Monilethrix , ( spindle hair , from Latin monile , “collar, necklace”, and ancient Greek θρίξ thrix , “hair”) is a very rare congenital genodermatosis with an irregular, brittle hair structure due to dysplasia of the hair shaft and clinically hypotrichosis .

Synonyms are: monilethrichosis; Monilethrix syndrome; Spindle hair; Sabouraud Syndrome; Monilitrichia; Latin Aplasia moniliformis; Aplasia pilorum intermittens; Aplasia pilorum moniliformis; Aplasia cilorum miniliformis

The first description comes from the year 1879 by WG Smith, the first comprehensive description by the French dermatologist Raymond Jaques Sabouraud in 1892.


The incidence is unknown, heredity takes place in an autosomal dominant or autosomal - recessive .

root cause

The disease are inherited dominant-in, common form different mutations in KRT81-, KRT83- or KRT86 - gene on chromosome 12 locus q13 based encoding the type II hair keratins H b1, Hb3 and HB6.

The isolated recessive-inherited forms are based on mutations in the DSG4 gene on chromosome 18 at q12, which codes for desmoglein 4.

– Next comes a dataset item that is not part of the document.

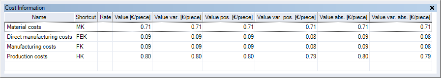 | Value var. | Shows the variable share of the value of the cost element per unit. |

Mutations in the same gene also cause the clinically similar localized autosomal recessive hypotrichosis (hypotrichosis simplex) .

Clinical manifestations

Clinical criteria are:

  • Onset of disease in infancy, scalp hair normal at birth
  • brittle hair in the first few months that break off after a few millimeters
  • Localization mostly in the neck and back of the head
  • Keratosis follicularis ( Lichen pilaris )
  • Koilonychia

add to cataract , dental abnormalities, Cutis elastica (sagging skin), syndactyly , epilepsy or schizophrenia come.

Differential diagnosis

The pseudo-Monilethrix is ​​to be distinguished .


In the localized form, regression can occur; the changes usually decrease over time. However, deterioration may occur during puberty or pregnancy .


  • J. Schweizer: More than one gene involved in monilethrix: intracellular but also extracellular players. In: The Journal of investigative dermatology. Vol. 126, No. 6, June 2006, pp. 1216-1219, doi: 10.1038 / sj.jid.5700266 , PMID 16702971 .
  • D. Carreras: Monilethrix: a review and case report. In: Pediatric dentistry. Vol. 18, No. 4, 1996 Jul-Aug, pp. 331-333, PMID 8857664 (review).
  • T. Salamon, UW Schnyder: About the Monilethrix. In: Archives for Clinical and Experimental Dermatology. Vol. 215, 1962, pp. 105-136, PMID 13991022 .

Individual evidence

  1. a b c d Moniletrix. In: Orphanet (Rare Disease Database).
  2. a b Bernfried Leiber (founder): The clinical syndromes. Syndromes, sequences and symptom complexes . Ed .: G. Burg, J. Kunze, D. Pongratz, PG Scheurlen, A. Schinzel, J. Spranger. 7., completely reworked. Edition. tape 2 : symptoms . Urban & Schwarzenberg, Munich et al. 1990, ISBN 3-541-01727-9 .
  3. ^ WG Smith: A rare nodose condition of the hair. In: British Medical Journal Vol. 2, pp. 291-292, 1879
  4. ^ R. Sabouraud: Sur les cheveux maniliformes. In: Annales de Dermatologie et de Vénéréologie Vol. 3, pp. 781–793, 1892
  5. J. Schweizer: More than one gene involved in monilethrix: intracellular but also extracellular players. In: Journal of Investigative Dermatology 2006, Vol. 126, pp. 1216-1219. PMID 16702971 .
  6. Monilethrix.  In: Online Mendelian Inheritance in Man . (English)
  7. Hypotrichosis simplex. In: Orphanet (Rare Disease Database).